Dafeng borders four counties including Dongtai, Sheyang, Yancheng and Xinghua. The county has a coastline of 112 km and a magnificent size of the wetland along its coastline, which is around near 800,000 hectares, sheltering enormous numbers of species of insects, fish, wild animals, and millions of migrating birds.

Upon the completion of Sutong Bridge, the district will significantly reduce the driving time to two hours to Shanghai and the south of Jiangsu.
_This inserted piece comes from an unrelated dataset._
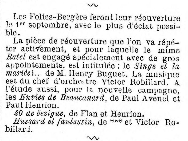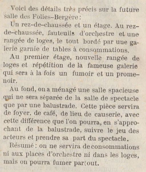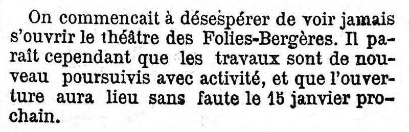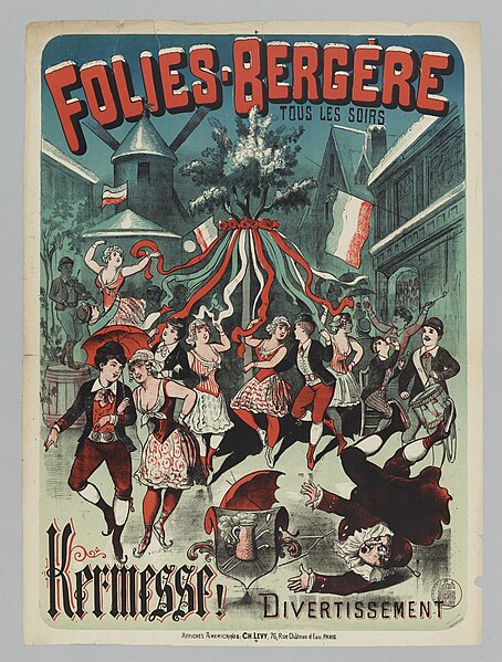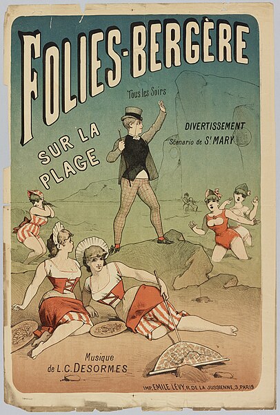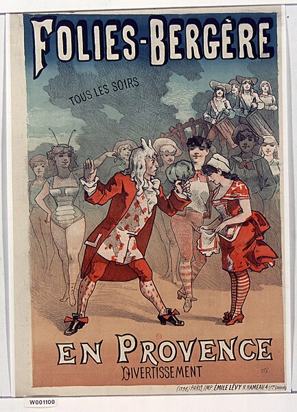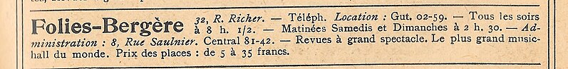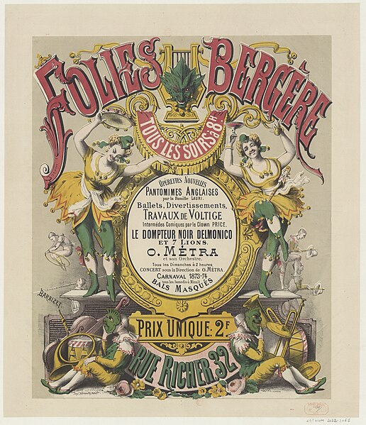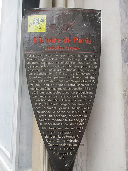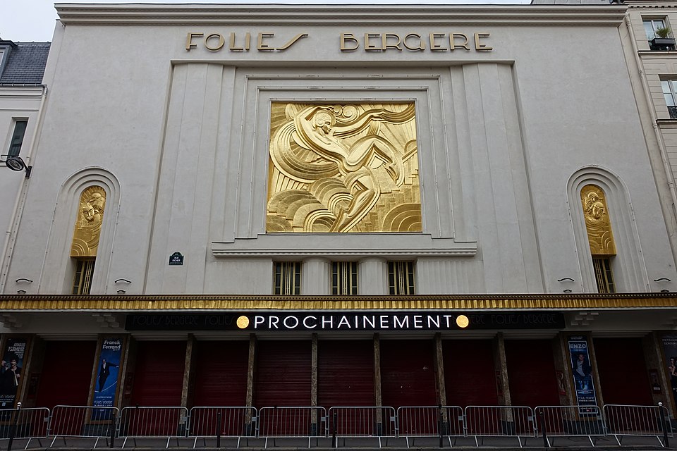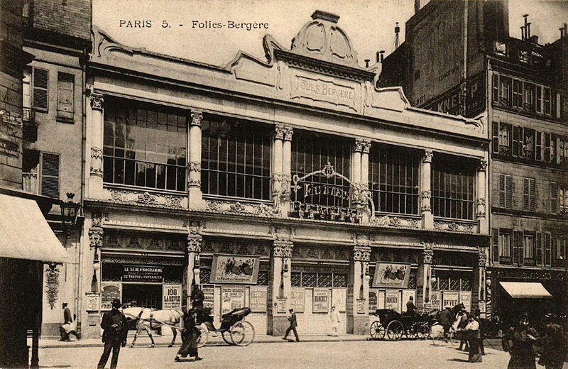 Le théâtre des Folies‑Bergère, situé 32 rue Richer dans le 9e arrondissement de Paris, est une salle de spectacles inaugurée le 2 mai 1869. À l’origine conçu comme music‑hall et « café‑spectacle », il permettait au public d’assister aux représentations tout en buvant et fumant. Le nom évoque à la fois les « folies », lieux de divertissement du XVIIIe siècle, et la rue Bergère ; selon la tradition, l’orthographe sans “s” aurait été choisie pour aboutir à treize lettres. Installé sur le site d’un ancien magasin de literie ouvert en 1860, l’établissement est transformé en 1871 par Léon Sari, qui crée un vaste jardin d’hiver appelé promenoir, typique des music‑halls parisiens et organisé autour de galeries favorisant la libre circulation des spectateurs. Sous la direction d’Édouard Marchand à partir de 1886 naît la revue de music‑hall à grand spectacle, avec des artistes comme la danseuse américaine Loïe Fuller. La salle connaît des évolutions architecturales et décoratives : une façade art nouveau est posée en 1905, puis la salle est profondément remaniée à la fin des années 1920 et dotée d’un décor art déco marqué par un grand bas‑relief représentant la danseuse Lila Nicolska, initialement couvert de feuille de cuivre et doré lors d’une restauration en 2012. À la même époque, la programmation et l’esprit du lieu changent : la salle devient un cabaret de nu et la libre circulation avec le promenoir est fermée ; des adjonctions des années 1930, liées notamment à des décorateurs de revues, et des décors conservés jusque dans les années 1960 ont modifié l’aspect originel du promenoir. Paul Derval dirige les Folies‑Bergère de 1918 à 1966 et impulse de nombreuses revues, attirant des vedettes comme Joséphine Baker, qui y revient notamment en 1936. En 1912, la salle accueille la première apparition scénique d’une femme totalement dénudée, épisode marquant de son histoire de spectacle. La direction passe en 1974 d’Antonia Derval à Hélène Martini, qui conserve pendant des décennies une forte influence sur la maison ; en 2012 elle met en vente une partie des costumes créés entre 1974 et 2002. Le théâtre est racheté par le groupe Lagardère en septembre 2011 ; en 2013 il passe sous la direction de Frédéric Jérôme, et en 2020 Lagardère met en vente ses activités spectacles, dont les Folies‑Bergère. Inscrit au titre des monuments historiques depuis le 7 novembre 1990, le lieu a inspiré de nombreuses affiches et œuvres d’art (parmi les artistes cités figurent Édouard Manet, Jules Chéret et Henri de Toulouse‑Lautrec) et apparaît également dans plusieurs films et productions audiovisuelles. Aujourd’hui la salle présente des comédies musicales, des spectacles de théâtre musical et des concerts de musiques actuelles, tout en conservant la mémoire de son rôle central dans l’histoire du music‑hall parisien.

Dafeng has a warm and wet subtropical climate and is influenced by the East Asian monsoon. It has distinct seasons and an abundant sunshine. The average annual temperature is close to 15 °C and the normal precipitation is over 1,000 mm yearly.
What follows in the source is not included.